## Your instructions
Give again, word for word, the lines below that run from the line with "5. Как видно" through the line with "支持全景视频编辑,设置自定义LOGO、设置作品访问密码、设置视角等". Drop the pictures.

## Data shown
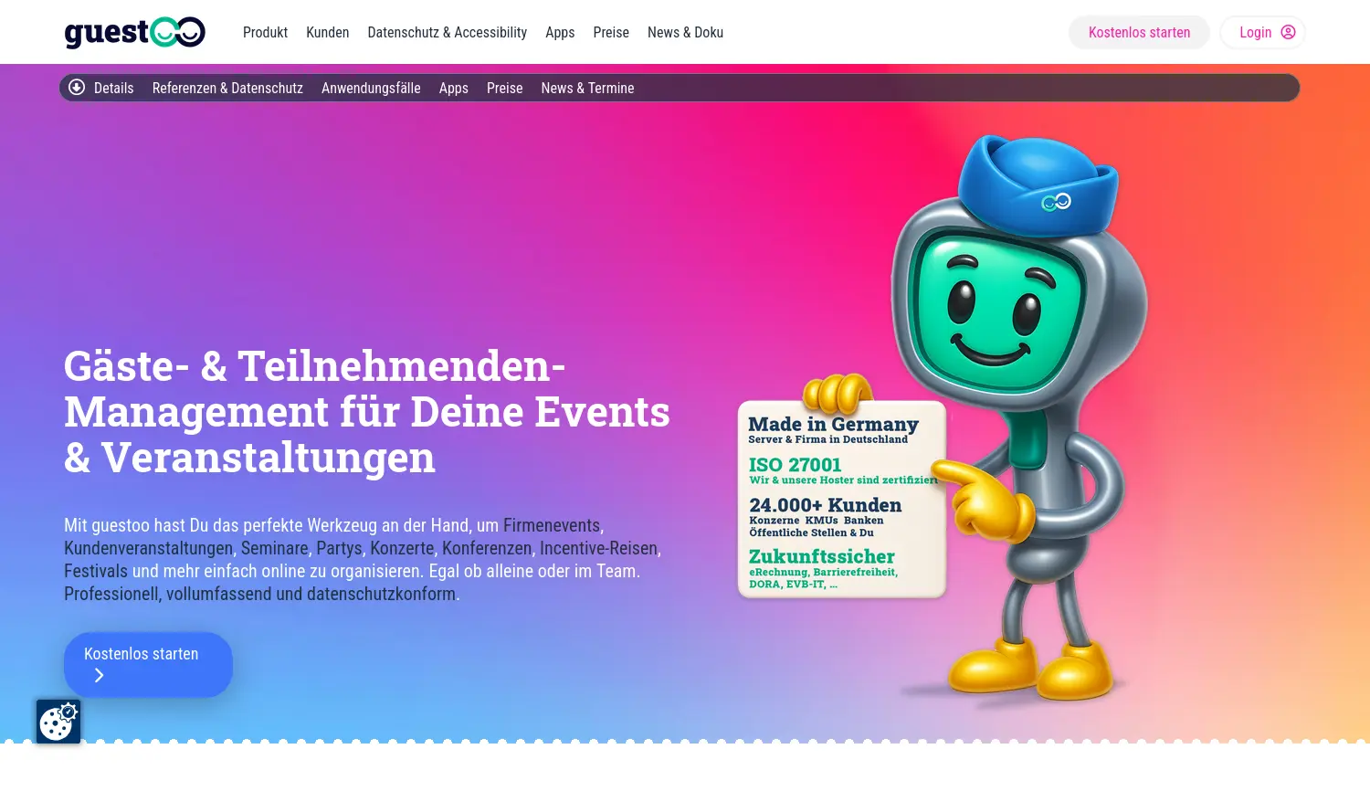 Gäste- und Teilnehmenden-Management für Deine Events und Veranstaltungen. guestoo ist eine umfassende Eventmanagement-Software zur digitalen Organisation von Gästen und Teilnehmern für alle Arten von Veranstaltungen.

==

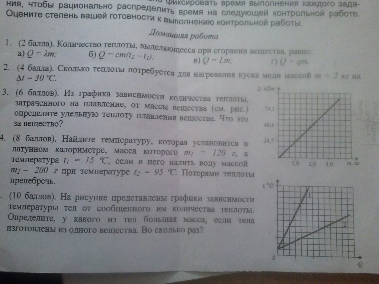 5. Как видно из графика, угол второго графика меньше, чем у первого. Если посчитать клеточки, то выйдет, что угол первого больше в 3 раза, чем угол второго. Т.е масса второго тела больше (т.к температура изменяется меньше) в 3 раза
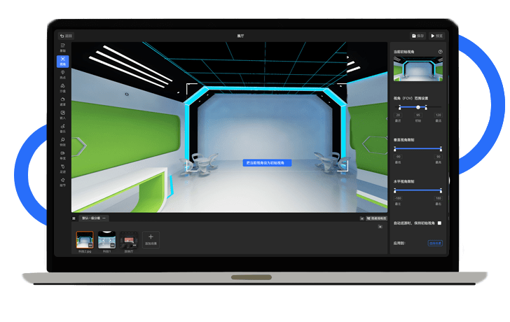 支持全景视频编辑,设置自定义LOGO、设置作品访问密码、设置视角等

...

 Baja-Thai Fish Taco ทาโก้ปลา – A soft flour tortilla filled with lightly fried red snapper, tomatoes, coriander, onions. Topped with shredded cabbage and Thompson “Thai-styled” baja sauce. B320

## Solved problem
 5. Как видно из графика, угол второго графика меньше, чем у первого. Если посчитать клеточки, то выйдет, что угол первого больше в 3 раза, чем угол второго. Т.е масса второго тела больше (т.к температура изменяется меньше) в 3 раза
 支持全景视频编辑,设置自定义LOGO、设置作品访问密码、设置视角等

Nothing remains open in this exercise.